Leave every image out, and print the remaining lines below exactly.

--- Supplied data Enclosed Below ---

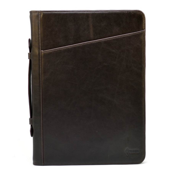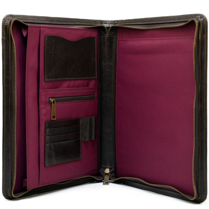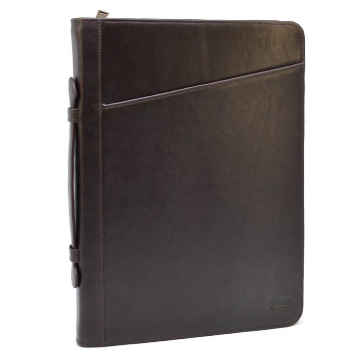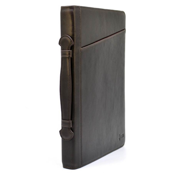 Ділова папка з ручкою, для документів A4 GC-1404-4lx, з натуральної телячої шкіри коричневого кольору, від українського бренду TARWA. Красива і практична і мега-функціональна модель, підкреслить статус свого власника. Аксесуар наділений шкіряною ручкою і застібається за допомогою блискавки, з трьох сторін. Всередині: чотири відділення-кишені для паперів, один врізна кишеня з блискавкою, один відкритий тканинний кишеню, один шкіряний відкритий, а також чотири кишені-слота під пластикові карти або візитки і два тримачі для ручок. Папка всередині повністю обшита міцним тканинним підкладів. На лицьовій стороні аксесуара розташовується косою, плоский кишеню, який також надає своєрідну родзинку виробу.
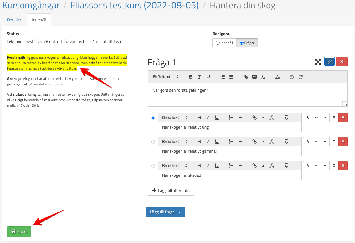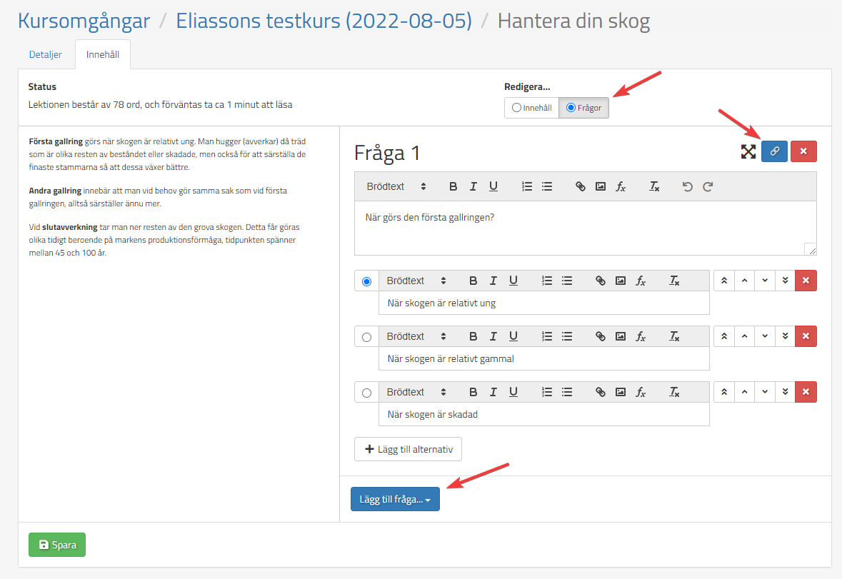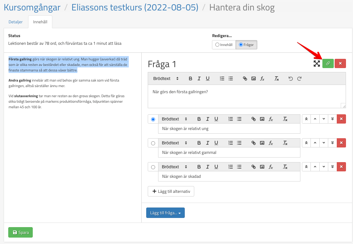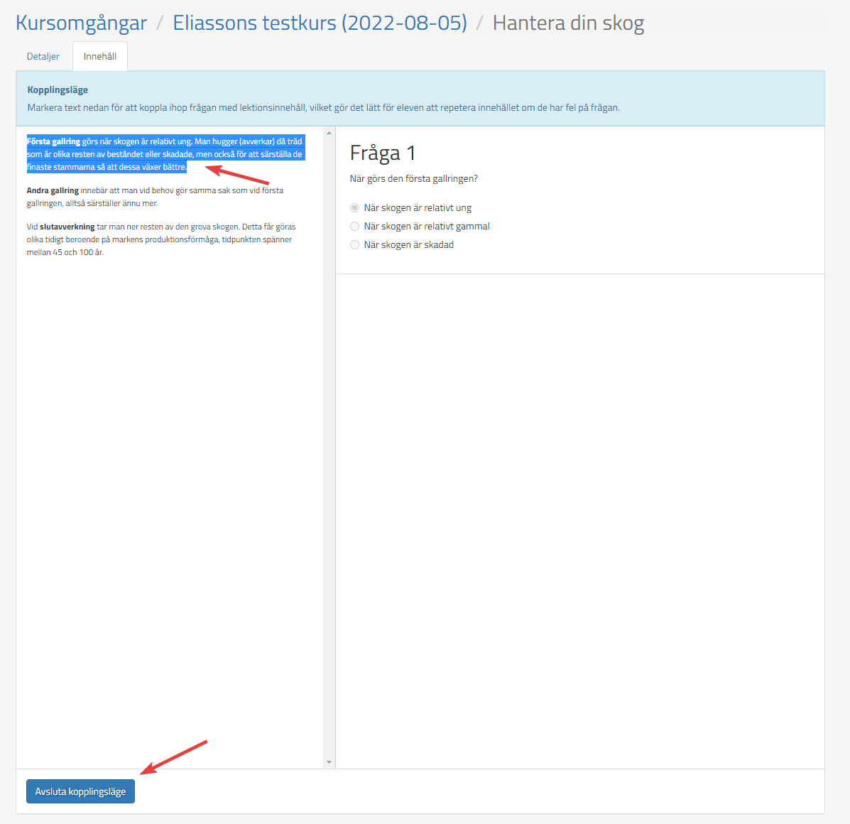 Därefter klickar du på "Koppla till lektionsinnehåll" en gång till för att knyta den markerade texten till frågan.
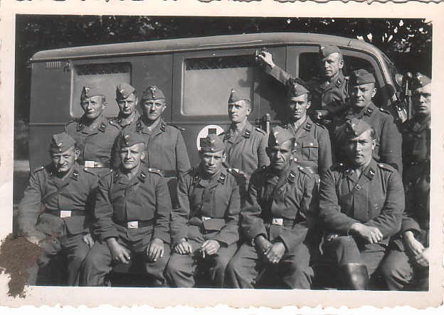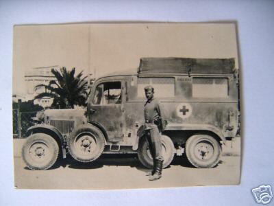 Foto eines Sani, vor seinem KfZ, aufgenommen in Athen Sommer 1941
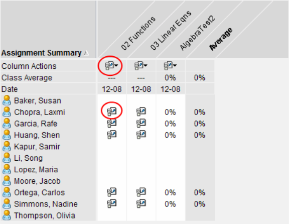 | 2. | Clique com o botão direito do rato na célula de uma coluna ou na célula da linha de um aluno e selecioneAbrir na área de trabalho Rever. |
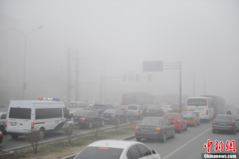 长春雾霾天气升级PM2.5“爆表”
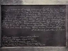 The topic most conclusively investigated was "slate writing," in which the medium has two slates fastened together, so that the writing surfaces faced each other, out of reach of the medium, with a small piece of pencil between the two slates. The medium holds the slates in her lap, and spirits purportedly write on the slates, sending the pencil outside the slates when finished. The Commission investigated Mrs. S.E. Patterson and Dr. Henry Slade, both widely respected practitioners of slate writing. Mrs. Patterson proved unable to perform when under the scrutiny of the Commission, while Dr. Slade was found to be practicing fraud: either composing long, well-written messages before the séance, or loosening the screws holding the slates together and scrawling nearly illegible messages while holding the slates in his lap. The Commission also requested that a "professional juggler" attempt slate writing, and found that he was able to provide demonstrations "much more remarkable" than the "puerile" attempts at fraud by Dr. Slade.[1] The Commission concluded that slate writing

--- End of Enclosed Supplied data ---

## Exercise solution
 Ділова папка з ручкою, для документів A4 GC-1404-4lx, з натуральної телячої шкіри коричневого кольору, від українського бренду TARWA. Красива і практична і мега-функціональна модель, підкреслить статус свого власника. Аксесуар наділений шкіряною ручкою і застібається за допомогою блискавки, з трьох сторін. Всередині: чотири відділення-кишені для паперів, один врізна кишеня з блискавкою, один відкритий тканинний кишеню, один шкіряний відкритий, а також чотири кишені-слота під пластикові карти або візитки і два тримачі для ручок. Папка всередині повністю обшита міцним тканинним підкладів. На лицьовій стороні аксесуара розташовується косою, плоский кишеню, який також надає своєрідну родзинку виробу.
 Därefter klickar du på "Koppla till lektionsinnehåll" en gång till för att knyta den markerade texten till frågan.
 Foto eines Sani, vor seinem KfZ, aufgenommen in Athen Sommer 1941
 | 2. | Clique com o botão direito do rato na célula de uma coluna ou na célula da linha de um aluno e selecioneAbrir na área de trabalho Rever. |
 长春雾霾天气升级PM2.5“爆表”
 The topic most conclusively investigated was "slate writing," in which the medium has two slates fastened together, so that the writing surfaces faced each other, out of reach of the medium, with a small piece of pencil between the two slates. The medium holds the slates in her lap, and spirits purportedly write on the slates, sending the pencil outside the slates when finished. The Commission investigated Mrs. S.E. Patterson and Dr. Henry Slade, both widely respected practitioners of slate writing. Mrs. Patterson proved unable to perform when under the scrutiny of the Commission, while Dr. Slade was found to be practicing fraud: either composing long, well-written messages before the séance, or loosening the screws holding the slates together and scrawling nearly illegible messages while holding the slates in his lap. The Commission also requested that a "professional juggler" attempt slate writing, and found that he was able to provide demonstrations "much more remarkable" than the "puerile" attempts at fraud by Dr. Slade.[1] The Commission concluded that slate writing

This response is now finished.